<<<<

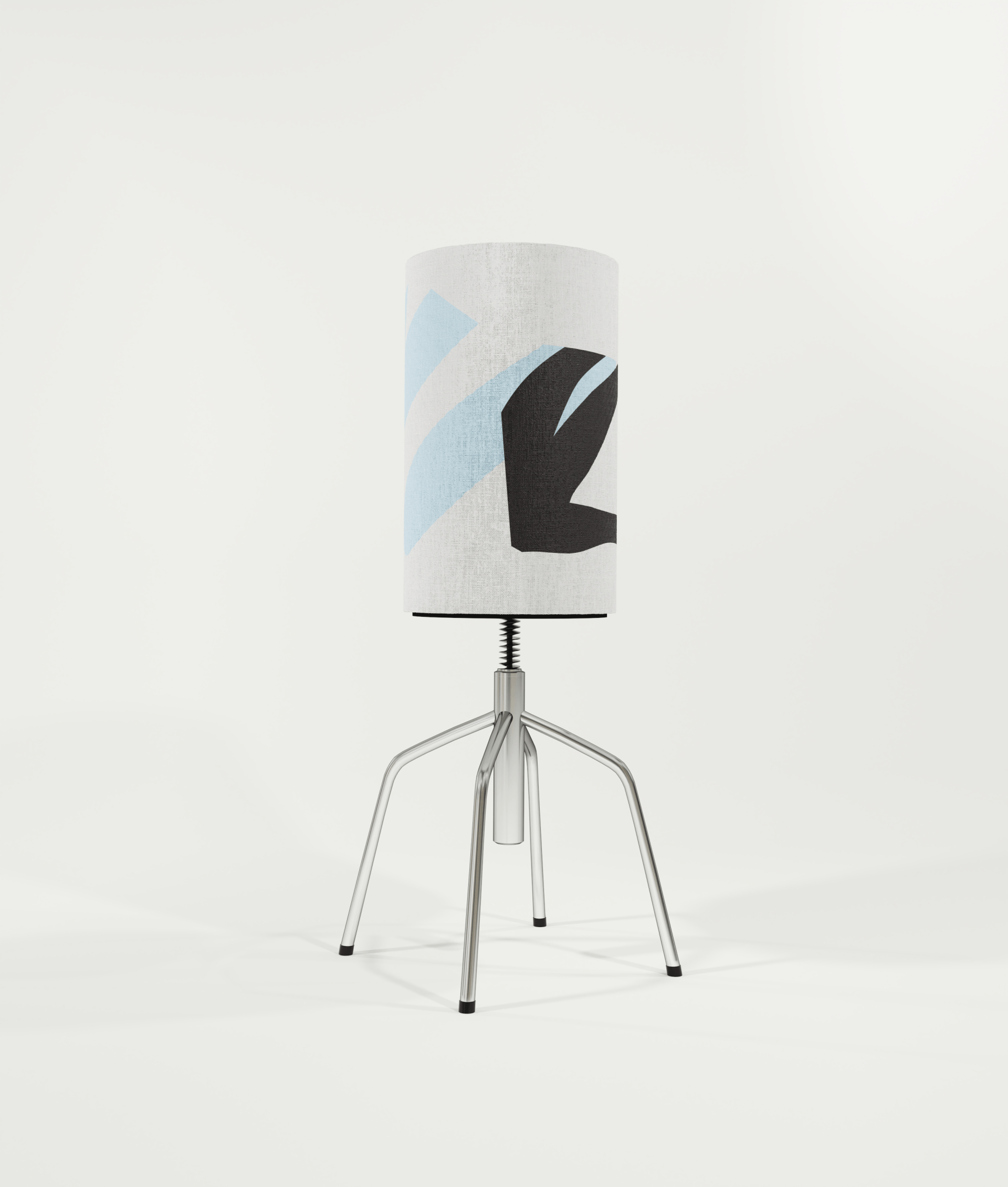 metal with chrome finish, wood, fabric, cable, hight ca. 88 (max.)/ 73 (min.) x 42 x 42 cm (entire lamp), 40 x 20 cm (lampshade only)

>>>>
<<<<

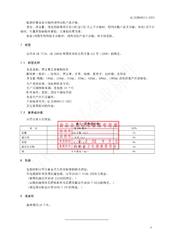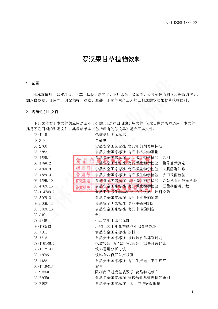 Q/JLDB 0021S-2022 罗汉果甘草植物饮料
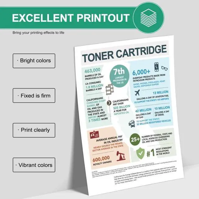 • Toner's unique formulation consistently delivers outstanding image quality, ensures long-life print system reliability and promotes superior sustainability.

>>>>
<<<<

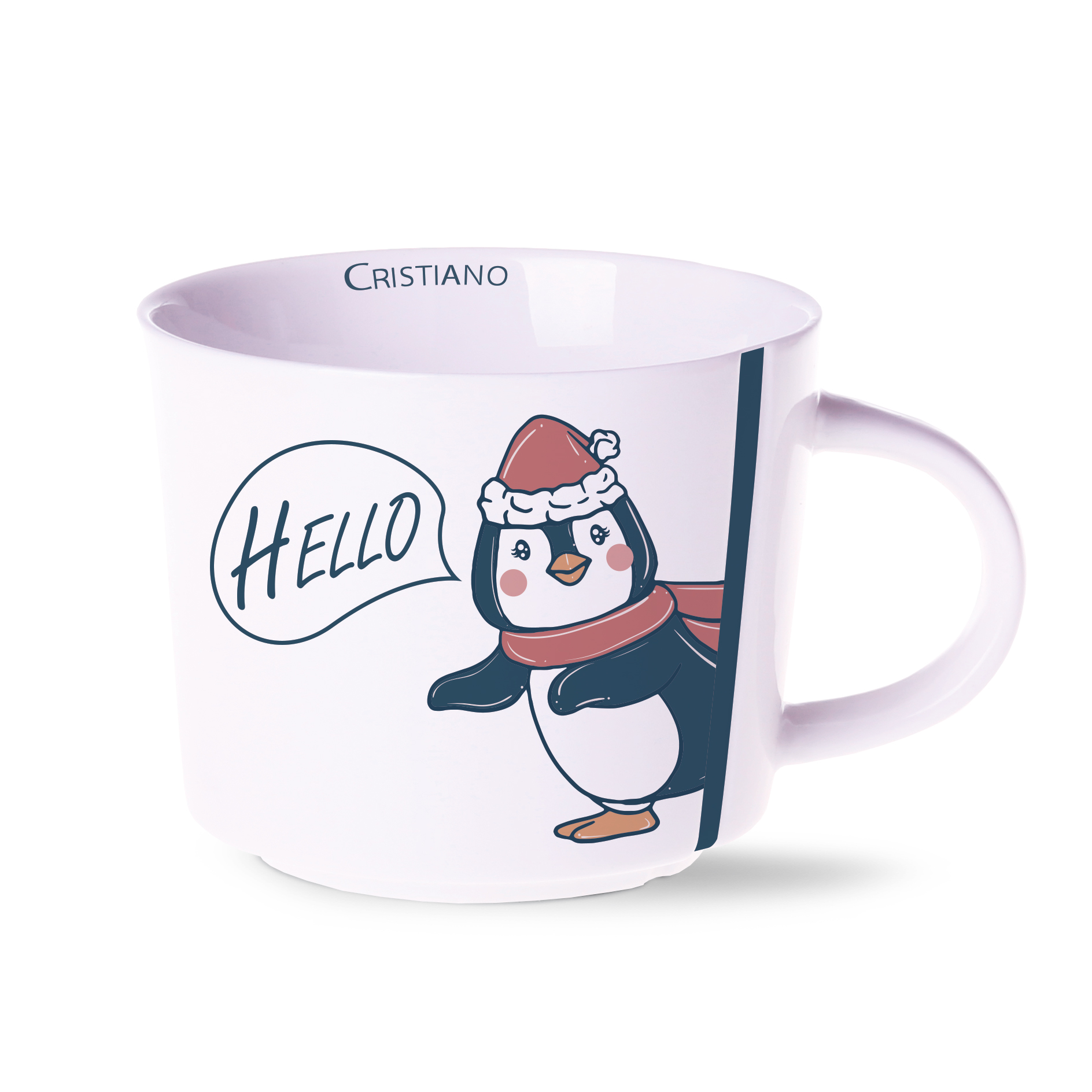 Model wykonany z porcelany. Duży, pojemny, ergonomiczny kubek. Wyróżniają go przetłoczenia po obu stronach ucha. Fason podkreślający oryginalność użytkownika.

>>>>

Exercise goal - Take the material above from the line containing "Q/JLDB 0021S-2022 罗汉果甘草植物饮料" up to and including the line containing "promotes superior sustainability." and retype it exactly, without any pictures.

Solution -
 Q/JLDB 0021S-2022 罗汉果甘草植物饮料
 • Toner's unique formulation consistently delivers outstanding image quality, ensures long-life print system reliability and promotes superior sustainability.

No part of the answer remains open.